Ya estaba sangrando por la cabeza y estoy segura de que existe la posibilidad de que esté conmocionada porque mi visión se volvió borrosa por un minuto.
—Justo cuando la lamiai continuó arrastrándome, noté una espada en el suelo de un guardia muerto.
Sin dudarlo, agarré la espada y logré clavarla profundamente en la cola de la lamiai.
La lamiai me soltó con un chillido y me levanté rápidamente del suelo, yendo directamente a apoyarme en la columna.
—Desde donde estaba cogiendo aire, pude mirar finalmente a la lamiai.
Era una criatura horrenda, un monstruo, una abominación.
Tenía el cuerpo de una araña, más grande que el de una araña.
Ocho largas patas negras que eran tan afiladas, hacen marcas en el suelo cuando se movía.
Donde debía estar la cabeza estaba el cuerpo de una serpiente gigante negra.
—Me costó un montón no vomitar cuando el rostro de la serpiente se transformó en el rostro de Raye, quien me sonreía.
—«¡Tonta muchachita patética!», pensé.
—Raye me siseó:
— Mírate, sangrando hasta tu muerte, apuesto a que esto no era lo que planeabas, ¿hm?
—«¡No!
¡No era así como lo había planeado en absoluto!», pensé, usando una mano para sostener el costado mientras me apoyaba en la pared.
—¡Te mataré!
—dije a través de mis dientes apretados.”
—Raye simplemente me sonrió—.
¿Cómo, niña?
—me arrulló—.
Apenas puedes verme —rugió antes de estirar una de sus patas hacia mí, pero utilicé mi espada para bloquearla justo a tiempo.
—Me aparté del camino, tambaleándome mientras la miraba.
Mi vista se nubló, no podía distinguirla.
Me costaba abrir los ojos y mi cabeza empezaba a doler realmente mal.
Apunté mi espada hacia ella.
Raye soltó una carcajada antes de usar su cola para arrebatar la espada de mis manos.
—Sabes, esto no es lo que esperaba de ti, Arianne, ¡la que fue bendecida por la misma diosa de la luna!
—se burló Raye de mí mientras se acercaba a mí—.
Vagamente consciente de la forma en que sus patas se clavaban en el suelo.
Antes de que mi mente pudiera registrar lo que estaba pasando, disparó una telaraña hacia mí, arrastrándome hacia ella.

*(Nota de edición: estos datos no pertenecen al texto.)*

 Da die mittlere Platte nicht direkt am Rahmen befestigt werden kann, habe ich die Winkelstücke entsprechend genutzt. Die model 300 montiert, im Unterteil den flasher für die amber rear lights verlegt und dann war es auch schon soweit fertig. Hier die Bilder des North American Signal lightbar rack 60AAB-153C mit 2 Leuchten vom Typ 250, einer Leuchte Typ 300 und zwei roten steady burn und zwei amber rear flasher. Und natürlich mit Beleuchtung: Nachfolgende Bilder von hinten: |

Enarbolando su pata como una espada en el aire, se inclinó para susurrar.
—¡Adiós, Arianne!
—dijo de una forma escalofriante, preparada para hacer descender la pata.

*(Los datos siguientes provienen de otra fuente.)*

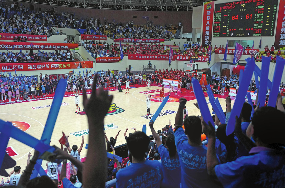 Players of team Taizhou celebrate winning the ZheBA, or the Zhejiang Provincial City Basketball League, against team Jiaxing in Taizhou, East China's Zhejiang province. HUANG ZONGZHI/XINHUA

—Cerré los ojos, esperando el dolor de que me apuñalara en el pecho, pero nunca llegó.
En cambio, escuché un zumbido de algún objeto y un rugido fuerte que sacudió los terrenos del castillo.
Abrí los ojos de golpe, sorprendida de ver una lanza sobresaliendo del pecho de serpiente de Raye.
—¡CUBRE TUS OJOS, ARIANNE!
—escuché gritar a Tag’arkh—.
No había tiempo para cuestionarla e hice inmediatamente lo que me pidió justo a tiempo para sentir una ráfaga de calor y algo brillante dirigido a Raye.
Inmediatamente me levanté y me volví hacia Ivan, quien fulminaba con la mirada a Raye con tanta ira en sus ojos que en ese momento parecía un ser de otro mundo enviado para vengarse de mí.
Su largo cabello oscuro estaba suelto, su camisa desgarrada estaba manchada de sangre, al igual que su cuerpo.
En sus manos tenía dos hojas gemelas, que agarraba con fuerza lista para luchar.
—Yasmin también llegó, lanzándome mi espada que atrapé en el aire.
¡Vayamos por esta perra!
—me dijo, y le sonreí en respuesta, comenzando a sentir cómo volvía mi fuerza al estar de pie con mi manada—.”